| EXERCISE DESCRIPTION |
Leave out any pictures and transcribe all other data below exactly.

| MATERIAL PROVIDED |
----

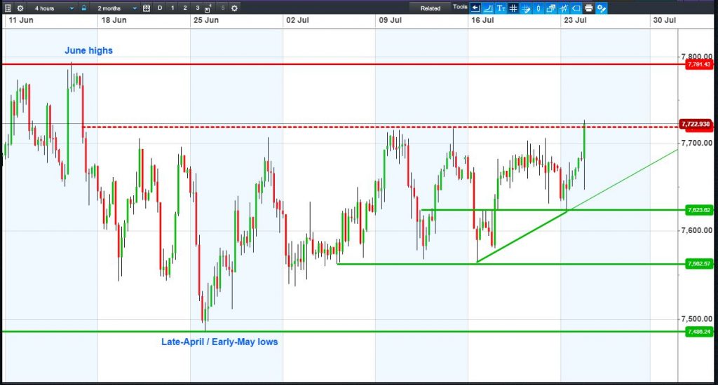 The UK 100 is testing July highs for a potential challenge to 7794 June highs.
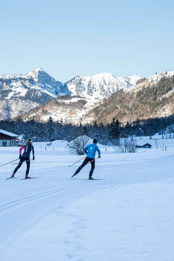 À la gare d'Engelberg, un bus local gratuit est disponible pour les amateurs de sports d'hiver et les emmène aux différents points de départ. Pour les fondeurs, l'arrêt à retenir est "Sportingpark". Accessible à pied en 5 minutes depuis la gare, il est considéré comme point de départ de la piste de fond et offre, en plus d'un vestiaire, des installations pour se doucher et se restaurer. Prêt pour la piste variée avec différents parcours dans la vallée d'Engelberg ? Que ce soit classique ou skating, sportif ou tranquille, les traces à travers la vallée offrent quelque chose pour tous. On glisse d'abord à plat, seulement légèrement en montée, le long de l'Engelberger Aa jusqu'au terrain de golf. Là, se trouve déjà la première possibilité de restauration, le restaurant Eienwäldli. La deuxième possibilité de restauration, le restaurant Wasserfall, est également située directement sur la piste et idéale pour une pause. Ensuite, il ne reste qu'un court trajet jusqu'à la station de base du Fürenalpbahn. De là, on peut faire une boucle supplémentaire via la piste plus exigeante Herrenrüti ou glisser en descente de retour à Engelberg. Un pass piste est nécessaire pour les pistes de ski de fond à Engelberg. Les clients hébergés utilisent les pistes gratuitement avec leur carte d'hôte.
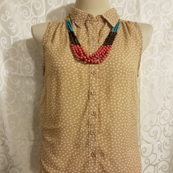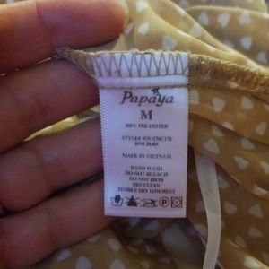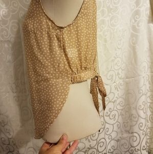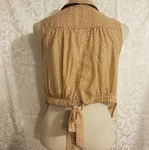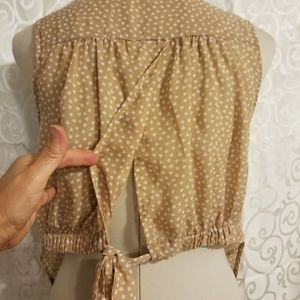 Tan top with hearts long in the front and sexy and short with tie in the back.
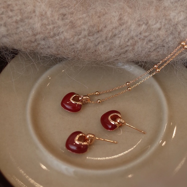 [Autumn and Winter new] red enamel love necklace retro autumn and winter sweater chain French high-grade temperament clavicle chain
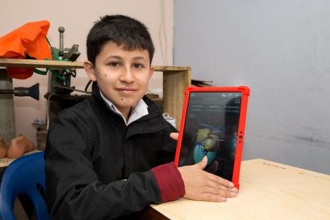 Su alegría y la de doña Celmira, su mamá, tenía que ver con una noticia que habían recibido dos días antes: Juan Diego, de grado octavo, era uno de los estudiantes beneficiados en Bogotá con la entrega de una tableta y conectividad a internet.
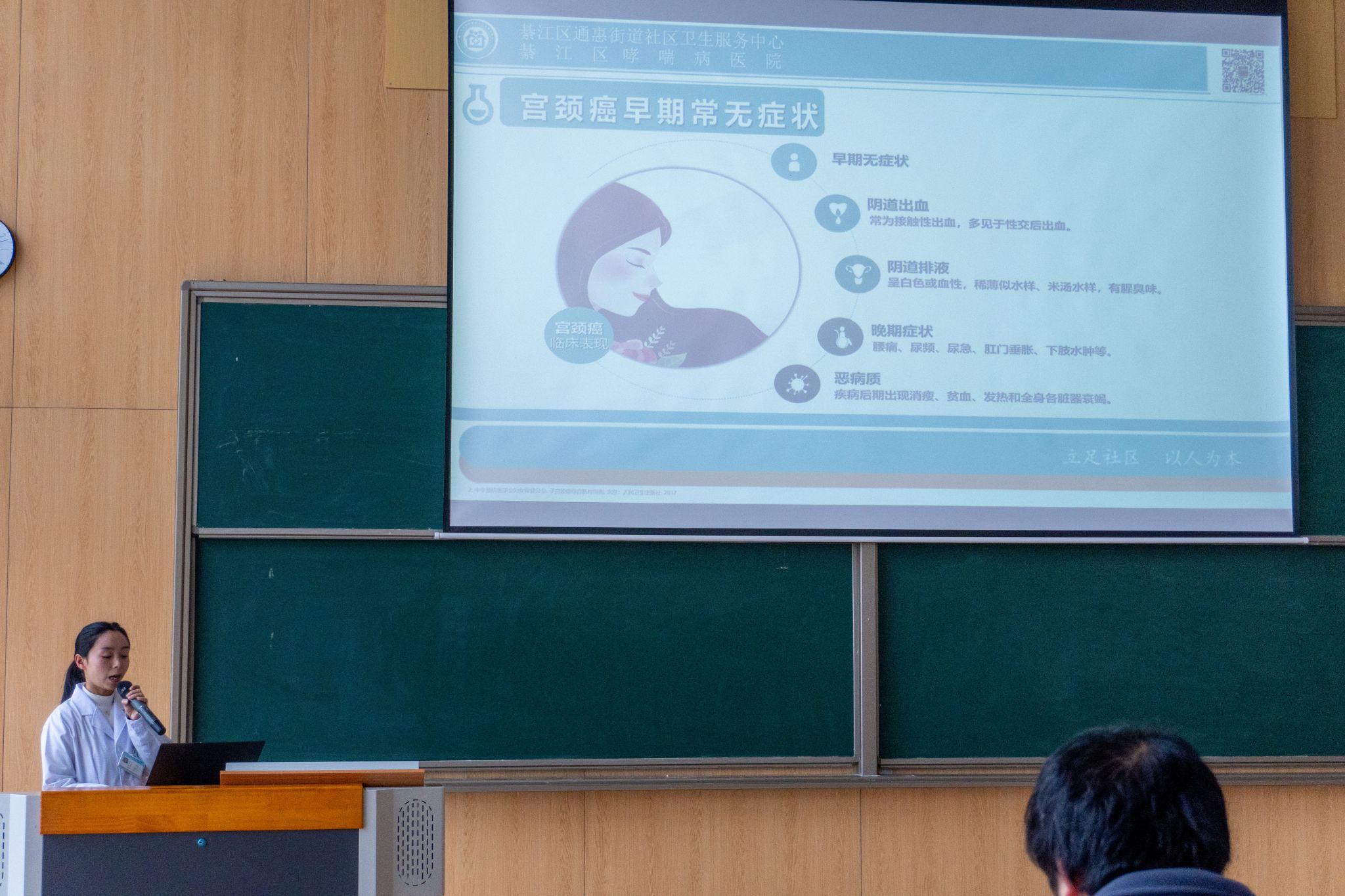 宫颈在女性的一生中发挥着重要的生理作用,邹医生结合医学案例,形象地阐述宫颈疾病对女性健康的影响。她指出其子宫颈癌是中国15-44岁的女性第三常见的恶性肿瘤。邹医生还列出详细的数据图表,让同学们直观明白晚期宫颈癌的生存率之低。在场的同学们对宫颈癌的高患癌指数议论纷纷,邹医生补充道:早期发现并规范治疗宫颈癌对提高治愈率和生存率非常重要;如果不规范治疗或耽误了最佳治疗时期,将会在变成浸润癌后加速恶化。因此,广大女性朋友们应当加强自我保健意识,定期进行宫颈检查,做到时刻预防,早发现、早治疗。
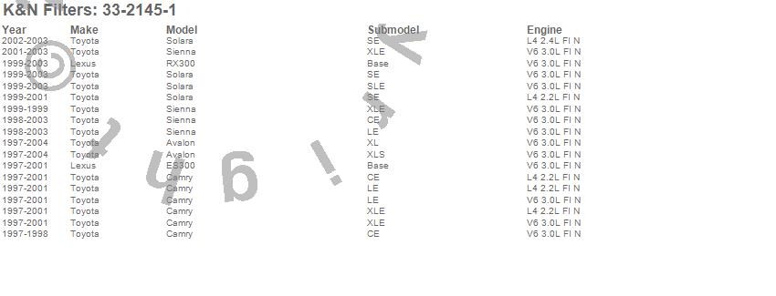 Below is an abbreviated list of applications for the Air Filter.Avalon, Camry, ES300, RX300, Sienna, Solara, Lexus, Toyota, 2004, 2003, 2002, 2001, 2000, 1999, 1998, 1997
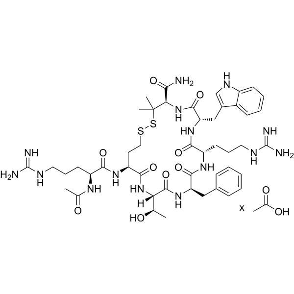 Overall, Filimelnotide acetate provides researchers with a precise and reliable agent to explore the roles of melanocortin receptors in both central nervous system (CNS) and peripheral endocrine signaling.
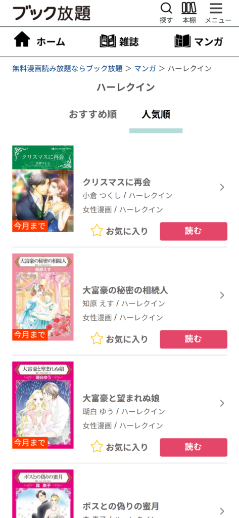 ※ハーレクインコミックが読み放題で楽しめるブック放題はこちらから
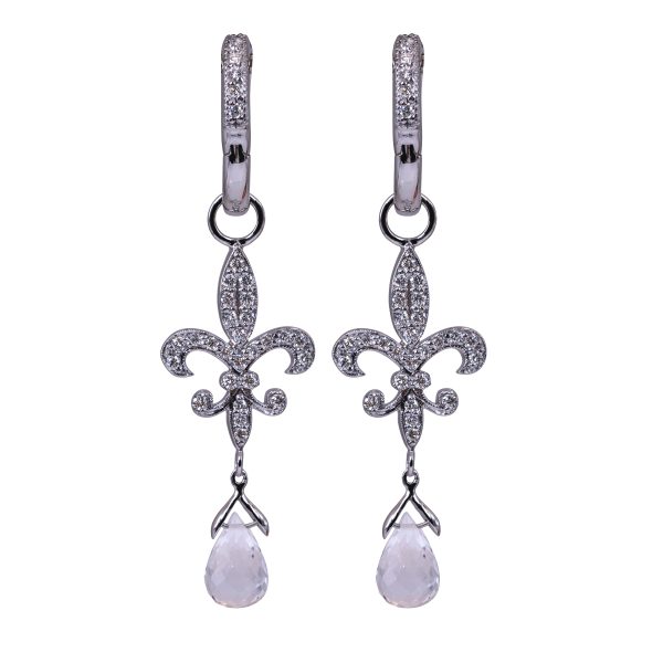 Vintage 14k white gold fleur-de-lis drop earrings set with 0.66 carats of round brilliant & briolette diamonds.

----

| TASK RESPONSE |
 The UK 100 is testing July highs for a potential challenge to 7794 June highs.
 À la gare d'Engelberg, un bus local gratuit est disponible pour les amateurs de sports d'hiver et les emmène aux différents points de départ. Pour les fondeurs, l'arrêt à retenir est "Sportingpark". Accessible à pied en 5 minutes depuis la gare, il est considéré comme point de départ de la piste de fond et offre, en plus d'un vestiaire, des installations pour se doucher et se restaurer. Prêt pour la piste variée avec différents parcours dans la vallée d'Engelberg ? Que ce soit classique ou skating, sportif ou tranquille, les traces à travers la vallée offrent quelque chose pour tous. On glisse d'abord à plat, seulement légèrement en montée, le long de l'Engelberger Aa jusqu'au terrain de golf. Là, se trouve déjà la première possibilité de restauration, le restaurant Eienwäldli. La deuxième possibilité de restauration, le restaurant Wasserfall, est également située directement sur la piste et idéale pour une pause. Ensuite, il ne reste qu'un court trajet jusqu'à la station de base du Fürenalpbahn. De là, on peut faire une boucle supplémentaire via la piste plus exigeante Herrenrüti ou glisser en descente de retour à Engelberg. Un pass piste est nécessaire pour les pistes de ski de fond à Engelberg. Les clients hébergés utilisent les pistes gratuitement avec leur carte d'hôte.
 Tan top with hearts long in the front and sexy and short with tie in the back.
 [Autumn and Winter new] red enamel love necklace retro autumn and winter sweater chain French high-grade temperament clavicle chain
 Su alegría y la de doña Celmira, su mamá, tenía que ver con una noticia que habían recibido dos días antes: Juan Diego, de grado octavo, era uno de los estudiantes beneficiados en Bogotá con la entrega de una tableta y conectividad a internet.
 宫颈在女性的一生中发挥着重要的生理作用,邹医生结合医学案例,形象地阐述宫颈疾病对女性健康的影响。她指出其子宫颈癌是中国15-44岁的女性第三常见的恶性肿瘤。邹医生还列出详细的数据图表,让同学们直观明白晚期宫颈癌的生存率之低。在场的同学们对宫颈癌的高患癌指数议论纷纷,邹医生补充道:早期发现并规范治疗宫颈癌对提高治愈率和生存率非常重要;如果不规范治疗或耽误了最佳治疗时期,将会在变成浸润癌后加速恶化。因此,广大女性朋友们应当加强自我保健意识,定期进行宫颈检查,做到时刻预防,早发现、早治疗。
 Below is an abbreviated list of applications for the Air Filter.Avalon, Camry, ES300, RX300, Sienna, Solara, Lexus, Toyota, 2004, 2003, 2002, 2001, 2000, 1999, 1998, 1997
 Overall, Filimelnotide acetate provides researchers with a precise and reliable agent to explore the roles of melanocortin receptors in both central nervous system (CNS) and peripheral endocrine signaling.
 ※ハーレクインコミックが読み放題で楽しめるブック放題はこちらから
 Vintage 14k white gold fleur-de-lis drop earrings set with 0.66 carats of round brilliant & briolette diamonds.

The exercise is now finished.